# Convert Gathers To Scatters

[An OptimizationPattern]

Summary

It is more efficient to give a data producer information about its consumers, than to allow multiple consumers to redundantly access the same producer multiple times. Converts N reads/N writes into 1 read/N writes.

Outline

Assume you have a relationship between consumers and producers,

``` +----------+  1      n +----------+
| Consumer |<>-------->| Producer |
+----------+           +----------+

```
where you have N consumers and M producers, where N > M. An example could be a mesh, where the consumers are vertices written to a display list and the producers are the results of vertex calculations. In a mesh, one vertex would be used many times in the display list, hence a naive solution would be:

```  FOREACH point to be drawn
READ vertex data
WRITE vertex data to display list
ENDFOR

```
This would be using the relationship "consumer gathers from producer". Notice that the number of reads and writes are 2N.
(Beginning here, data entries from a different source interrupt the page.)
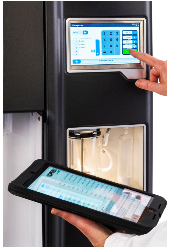
THE LABCONNECT SOFTWARE ALLOWS FOR EASY CONNECTIVITY TO YOUR LABORATORY
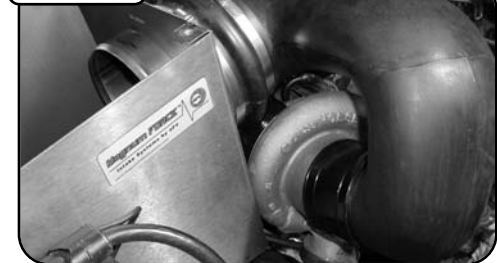
Slip boots over intake tube and install on turbo and filter housing. It may be easier to install clamps after tube is in position. If filter restriction gauge is desired, drill an 11/16 hole with a woodworking spade bit and transfer grommet and sensor to new intake tube. Sensor should be placed near larger end of tube for accurate results.
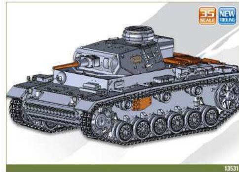
GERMAN PANZER III WW2 German medium tank's later variant with additional armor and upgraded gun developed for anti-tank role
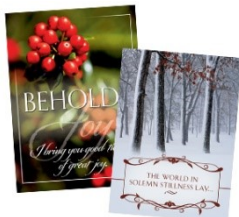
CHRISTMAS CARD SET
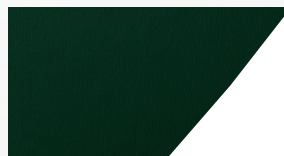
FIR GREEN / WHITE PVC
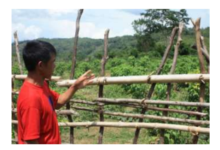
Figure 6: The villager in Sopkhom Village concerning about the compensation for his riverbank garden growing chilies and tobacco

However, villagers in Somboun Village who have lost their entire land holding reported that each family is entitled to only one hectare of farmland in the resettlement area and cash compensation for the remaining lost land. One of our interviewees in Somboun used to have 2-3 ha of land, including 1.8 ha of rice paddy and a vegetable garden. They used to collect bamboo shoots and wild boar from the forest and fish from the river. The village headman in Somboun Village used to have three hectares of rice paddy. His wife reported that "we received only a little bit of money to compensate for our land and the money is not enough to buy new land."<sup>5</sup>

Instead, if one considers the inverse relationship "producers scatter to consumers", then since each producer can have more than one consumer, we let each producer have a list of consumers. Hence, in our example:

```  FOREACH vertex
READ vertex data
FOREACH position in display list
WRITE vertex data to display list
ENDFOR
ENDFOR

```
For this algorithm, the number of reads and writes is M + N which is less than 2N because M < N. -- PalKristianEngstad.

When to use

More generally this pattern is applicable where each consumer polls n producers and each producer supplies m consumers (rather than just for m=1 as described above). Use the pattern in reverse when m > n :-) I've used it with a substantial saving even when m=n. Here the saving arose because a significant fraction of times the supplier had nothing to supply. The overhead for determining whether there was anything to supply was cut by a factor of m. -- JamesCrook

Notes

Someone mentioned ObserverPattern as an "implementation hint". ObserverPattern is related to this, but where Observer uses a "pull" subscription mechanism, this uses a "push" mechanism. This is a good case where optimization and re-use might be at odds - a pull mechanism is easy to extend by adding observers. A push mechanism is faster in most cases but adding observers is more difficult. Also, a pull mechanism is easier to implement since each Observer can know in advance which objects it will be observing - so the implementation can simply reserve an object variable for a pointer to the observed object. With a push mechanism, every observer must be known - either in advance [which hinders re-use] or else via some form of list. With these caveats, there is no reason an implementation using ConvertGathersToScatters could not be dynamically updated with new observers, and indeed it will still perform faster than the ObserverPattern in the case of infrequent updates.

This contrast can also be viewed in system architecture - an interrupt-driven I/O system uses a "push" architecture, while a polling I/O system uses a "pull" architecture. Interrupt-driven systems are well-known to achieve higher performance, and where events are sparse a polling architecture can waste considerable time discovering that there is nothing to do.

Another example is in internet radio. Since IP does not support broadcast or multicast messaging across the whole internet, any internet "broadcast" must in fact be sent to each consumer separately. Thus, an internet radio "station" has bandwidth requirements which scale as its number of listeners scales. This is ObserverPattern par excellence. Instead, the station should register new listeners and send multicasts to them all over a protocol which supports it [e.g. IPv6]. Their bandwidth requirements are now very small. Note that no functionality is lost - but the transmitter is more complex.